Systems for pathogen inactivation of red blood cells are still awaiting market authorisation. However, studies suggest that the red blood cell quality is not negatively impacted by this processing procedure, which indicates that pathogen inactivation may be a suitable future substitute for irradiation and potentially also washing of red blood cells.

=== Red blood cell rejuvenation ===
Red blood cell rejuvenation is a method which aims to increase the levels of 2,3-diphosphoglycerate (2,3-DPG) and ATP in stored red blood cell concentrates, as the levels of both 2,3-DPG and ATP decrease over time. The rejuvenation process includes incubation of the red blood cells with a rejuvenation solution and subsequent washing. ATP is an important driver of a number of metabolic functions of the red blood cell, and declined ATP levels have been linked to reduced post-transfusion in vivo survival of the red blood cells. High levels of 2,3-DPG facilitates oxygen unloading from the red blood cells in the capillaries.

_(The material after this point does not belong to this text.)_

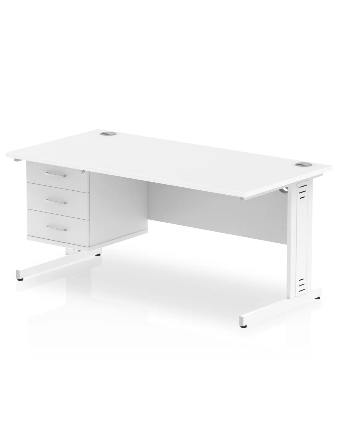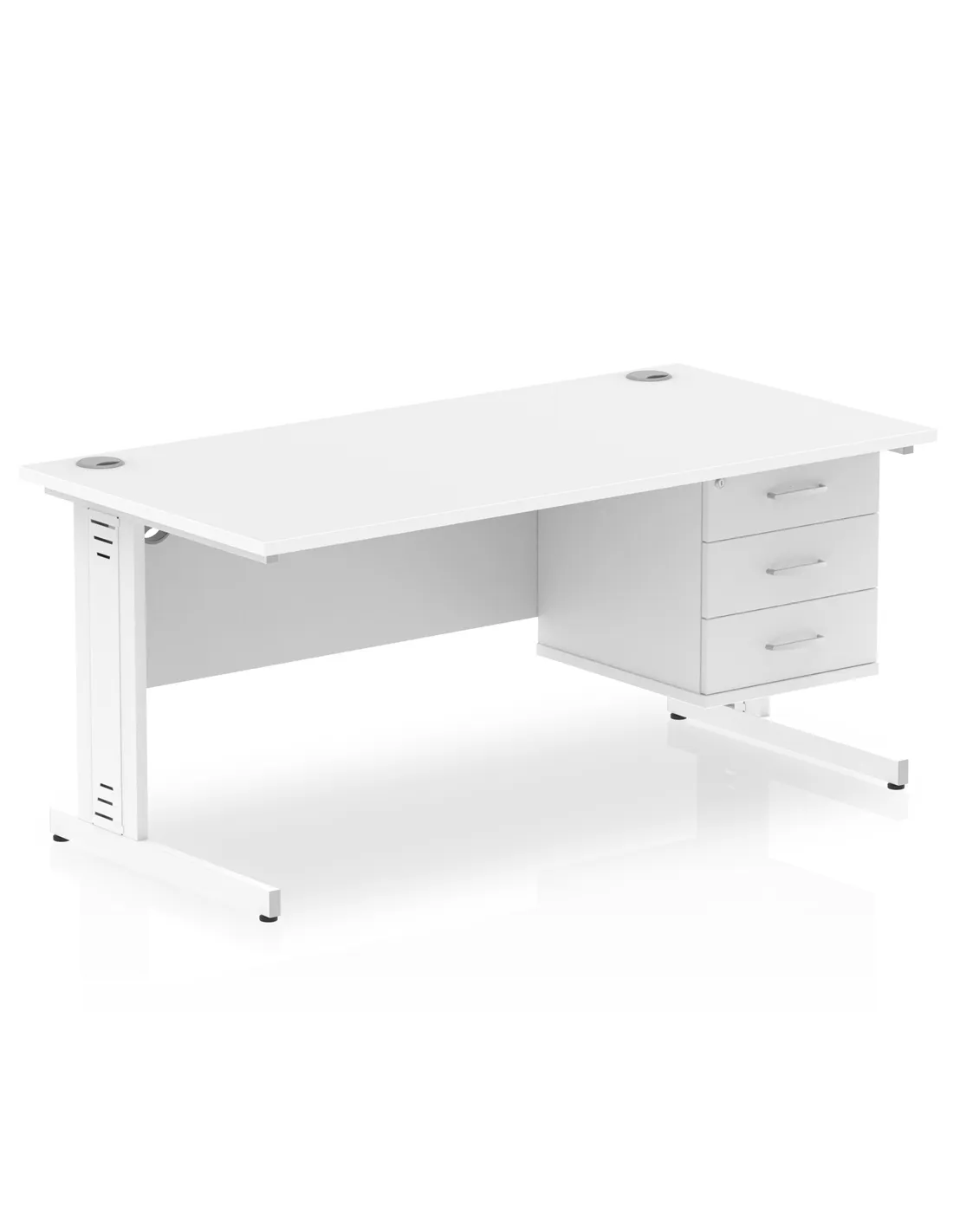Dynamic Impulse 1600 x 800mm Straight Office Desk White Top Cable Managed 1 x 3 Drawer Fixed Pedestal

=== Paediatric modification of red blood cell concentrates ===
Red blood cell concentrates can be modified to be suitable for paediatric patients. These modifications include split of regular units into smaller units (usually 3 – 6 parts), which facilitates limiting the number of involved donors at repeated transfusions. The modification can also be red blood cells for intrauterine transfusion where, in short, the additive solution is removed, which increases the haematocrit to between 0.70 – 0.85. A red blood cell concentrate can also be tailored for exchange transfusions for neonates. During this process, the additive solution is removed and instead, plasma is added to resemble a "whole blood". Both at intrauterine and exchange transfusion, compatibility between the foetus/baby and the mother is of great importance.

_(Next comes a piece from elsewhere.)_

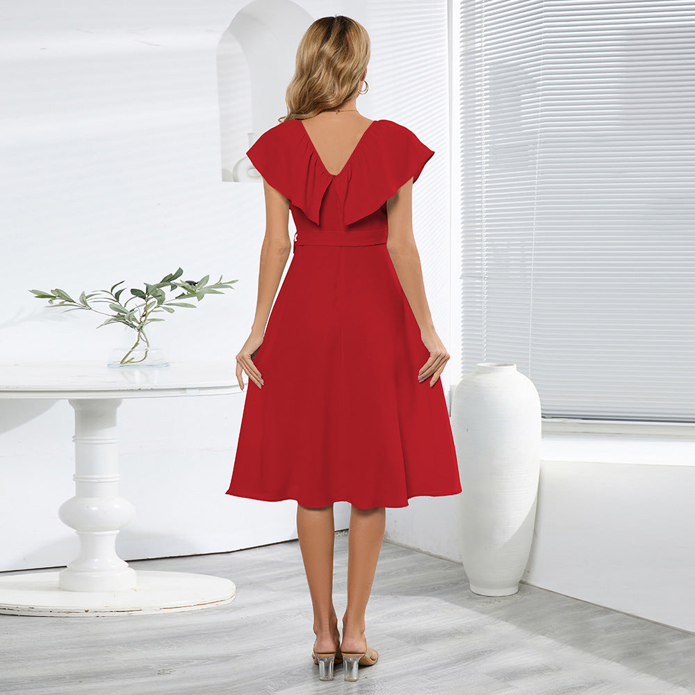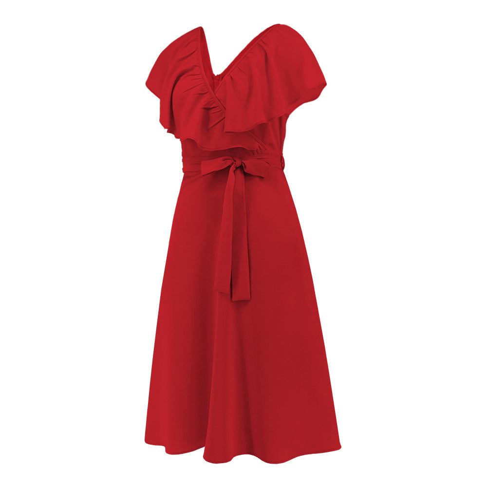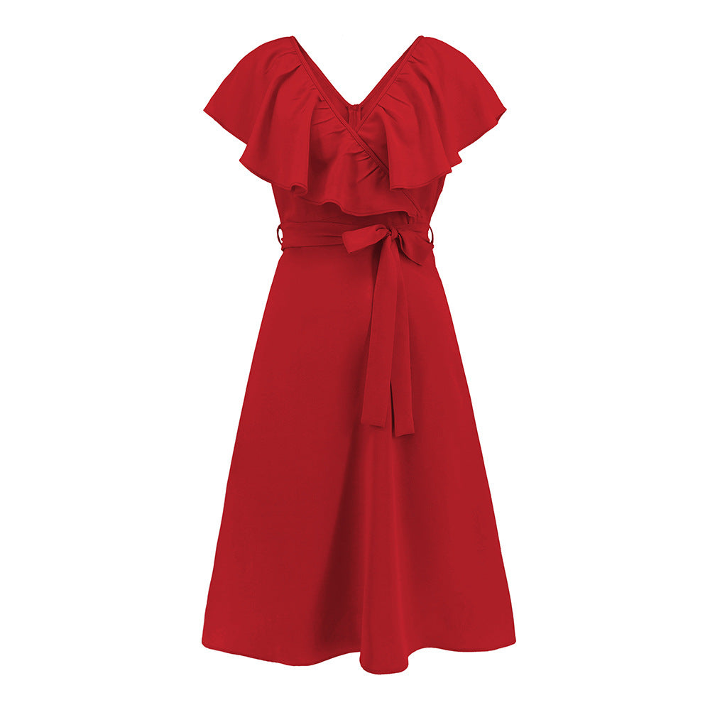 • Features: Short sleeve. v-neck. solid color. flared. fashion midi dress

== Adverse events related to red blood cell transfusion ==
Adverse events related to transfusion in general may include allergic reactions such as anaphylaxis, infection, volume overload, and lung injury.  With current screening methods, the risk of viral infections such as hepatitis C and HIV/AIDS are less than one in a million. With current testing methods in high-income countries the  prevalence of transfusion-transmissible infections in blood donations is very low (median: HIV 0.002%, hepatitis B 0.02%, hepatitis C 0.007% and syphilis 0.02% in 2024). However, in low-income countries the risk of a blood donation being positive for HIV, hepatitis C or syphilis is up to 1%, and the risk of it being hepatitis B positive was approximately 2.8% in 2024.  The differences relate to variations in eligible blood donors, whether the donation is paid or voluntary, non-remunerated, and the effectiveness of the system of educating and selecting donors.

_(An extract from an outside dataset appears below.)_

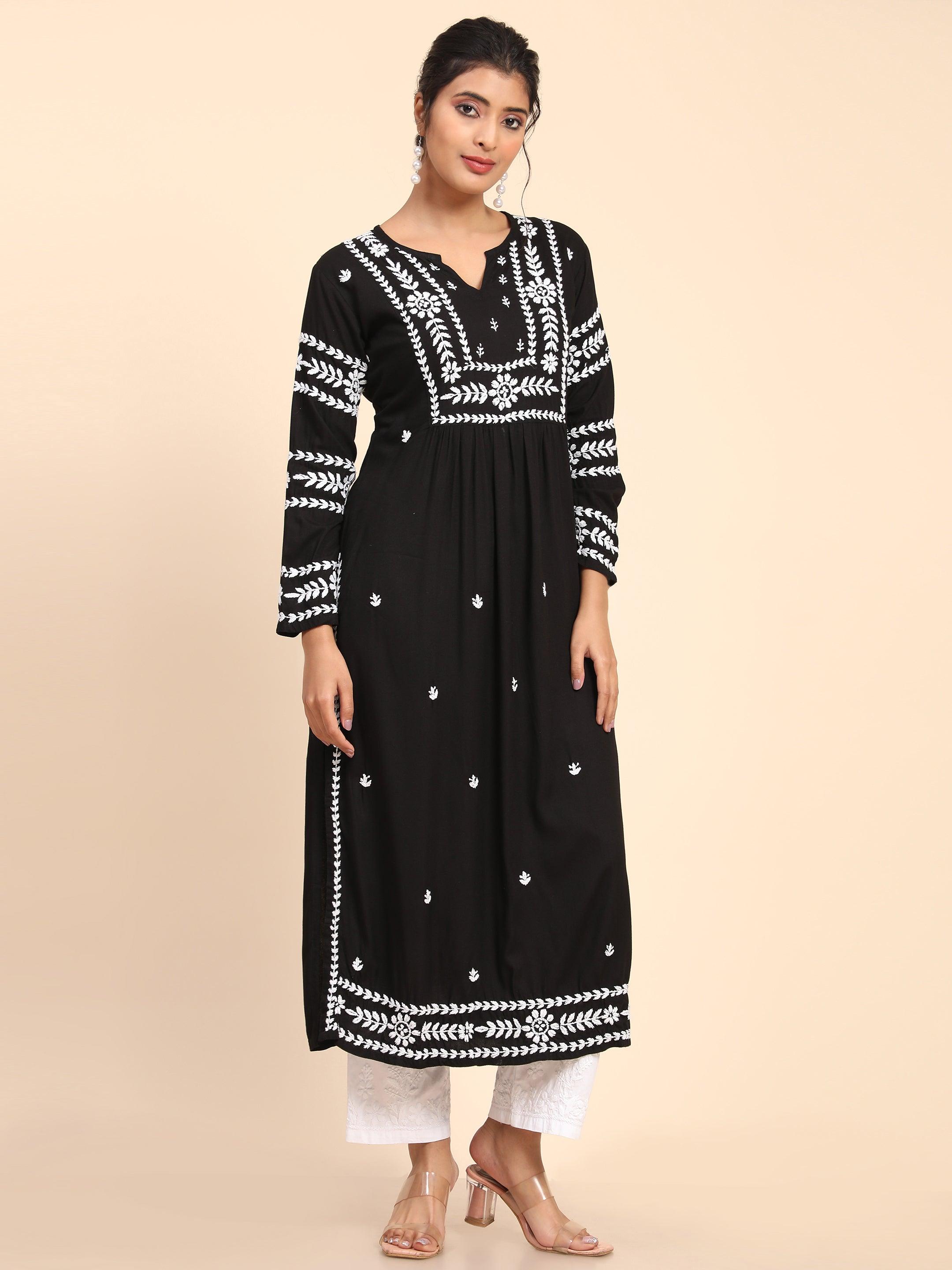 Shreya Jaiswal in HOK chikankari Long Kurta in Rayon Cotton for Women - Black

Adverse events related to transfusion of red blood cells are mainly linked to incompatibility issues or other transfusion reactions. Incompatible AB0 transfusion can be fatal. For patients with a previous transfusion reaction history, the risk of repeated adverse events can be mitigated by choosing the proper processing modification and/or red blood cell phenotype combination.

== Society and culture ==
=== Economics ===
In the United Kingdom they cost about £120 per unit. Prices range based on location and other factors like donation history.

=== Names ===
The product is typically abbreviated RBC, pRBC, PRBC, sometimes StRBC, or even LRBC (the latter being to indicate those that have been leukoreduced, which is now true for the vast majority of RBC units). The name "Red Blood Cells" with initial capitals indicates a standardized blood product in the United States. Without capitalization, it is simply generic without specifying whether or not the cells comprise a blood product, patient blood, etc. (with other generic terms for it being "erythrocyte" and "red cell").